-- Source material follows --
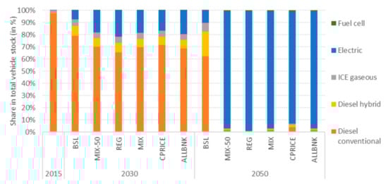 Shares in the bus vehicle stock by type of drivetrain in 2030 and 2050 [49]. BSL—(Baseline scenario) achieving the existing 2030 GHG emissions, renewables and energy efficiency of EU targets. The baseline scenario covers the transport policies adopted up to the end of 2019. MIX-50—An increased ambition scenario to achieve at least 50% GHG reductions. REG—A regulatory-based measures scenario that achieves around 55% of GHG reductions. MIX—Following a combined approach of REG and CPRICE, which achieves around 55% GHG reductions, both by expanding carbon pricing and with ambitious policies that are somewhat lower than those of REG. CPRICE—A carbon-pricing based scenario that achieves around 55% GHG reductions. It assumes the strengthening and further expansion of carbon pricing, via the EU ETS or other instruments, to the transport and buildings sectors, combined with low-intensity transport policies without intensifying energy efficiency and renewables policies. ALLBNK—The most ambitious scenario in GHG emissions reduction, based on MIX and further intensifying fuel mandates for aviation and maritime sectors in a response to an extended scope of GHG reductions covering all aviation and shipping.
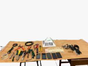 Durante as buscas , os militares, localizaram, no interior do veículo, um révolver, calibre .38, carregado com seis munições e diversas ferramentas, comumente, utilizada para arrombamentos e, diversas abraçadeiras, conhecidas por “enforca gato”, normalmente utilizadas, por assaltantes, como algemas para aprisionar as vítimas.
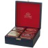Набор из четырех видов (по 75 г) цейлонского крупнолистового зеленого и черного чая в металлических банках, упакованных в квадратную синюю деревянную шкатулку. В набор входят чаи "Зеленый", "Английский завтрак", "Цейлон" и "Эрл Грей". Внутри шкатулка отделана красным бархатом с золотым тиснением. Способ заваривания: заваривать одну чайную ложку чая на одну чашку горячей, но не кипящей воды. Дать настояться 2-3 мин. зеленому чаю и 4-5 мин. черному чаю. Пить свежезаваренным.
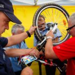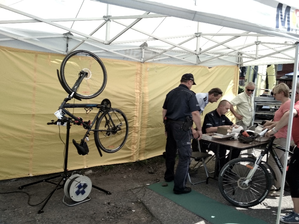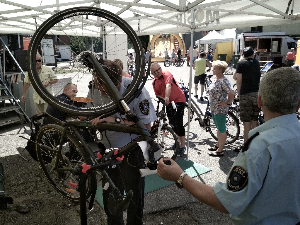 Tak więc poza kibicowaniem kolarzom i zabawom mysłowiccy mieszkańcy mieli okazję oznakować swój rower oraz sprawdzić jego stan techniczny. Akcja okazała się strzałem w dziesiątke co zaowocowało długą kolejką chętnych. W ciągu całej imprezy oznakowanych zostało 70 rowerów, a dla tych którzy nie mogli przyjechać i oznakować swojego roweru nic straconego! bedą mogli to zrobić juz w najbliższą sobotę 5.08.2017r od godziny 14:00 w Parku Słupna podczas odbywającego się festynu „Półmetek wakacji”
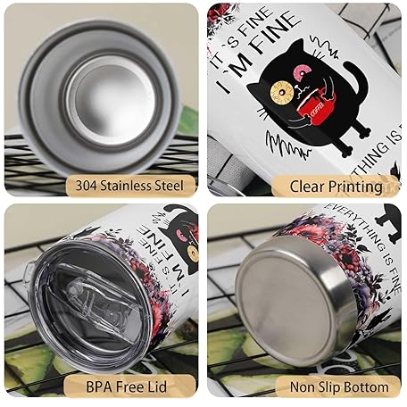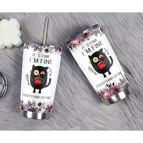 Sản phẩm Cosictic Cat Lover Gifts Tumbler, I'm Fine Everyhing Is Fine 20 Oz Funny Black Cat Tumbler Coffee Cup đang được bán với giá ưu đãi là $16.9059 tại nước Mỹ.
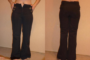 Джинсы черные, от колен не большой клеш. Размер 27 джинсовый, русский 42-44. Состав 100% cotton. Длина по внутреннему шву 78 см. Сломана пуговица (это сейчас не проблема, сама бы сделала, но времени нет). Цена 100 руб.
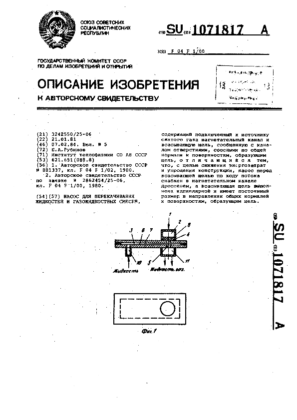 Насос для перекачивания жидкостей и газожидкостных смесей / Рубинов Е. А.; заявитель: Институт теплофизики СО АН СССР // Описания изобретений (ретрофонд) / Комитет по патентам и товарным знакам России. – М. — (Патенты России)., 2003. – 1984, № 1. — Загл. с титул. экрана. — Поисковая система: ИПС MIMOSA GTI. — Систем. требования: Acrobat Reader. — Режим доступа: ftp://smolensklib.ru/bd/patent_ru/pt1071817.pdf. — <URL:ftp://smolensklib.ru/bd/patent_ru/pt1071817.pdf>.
-- Source material concluded --
:: Problem to solve ::
Write out nothing but the lines from the one with "Джинсы черные, от" through the last line of the entries, exactly as they stand; pictures are not part of the copy.

:: Solved problem ::
 Джинсы черные, от колен не большой клеш. Размер 27 джинсовый, русский 42-44. Состав 100% cotton. Длина по внутреннему шву 78 см. Сломана пуговица (это сейчас не проблема, сама бы сделала, но времени нет). Цена 100 руб.
 Насос для перекачивания жидкостей и газожидкостных смесей / Рубинов Е. А.; заявитель: Институт теплофизики СО АН СССР // Описания изобретений (ретрофонд) / Комитет по патентам и товарным знакам России. – М. — (Патенты России)., 2003. – 1984, № 1. — Загл. с титул. экрана. — Поисковая система: ИПС MIMOSA GTI. — Систем. требования: Acrobat Reader. — Режим доступа: ftp://smolensklib.ru/bd/patent_ru/pt1071817.pdf. — <URL:ftp://smolensklib.ru/bd/patent_ru/pt1071817.pdf>.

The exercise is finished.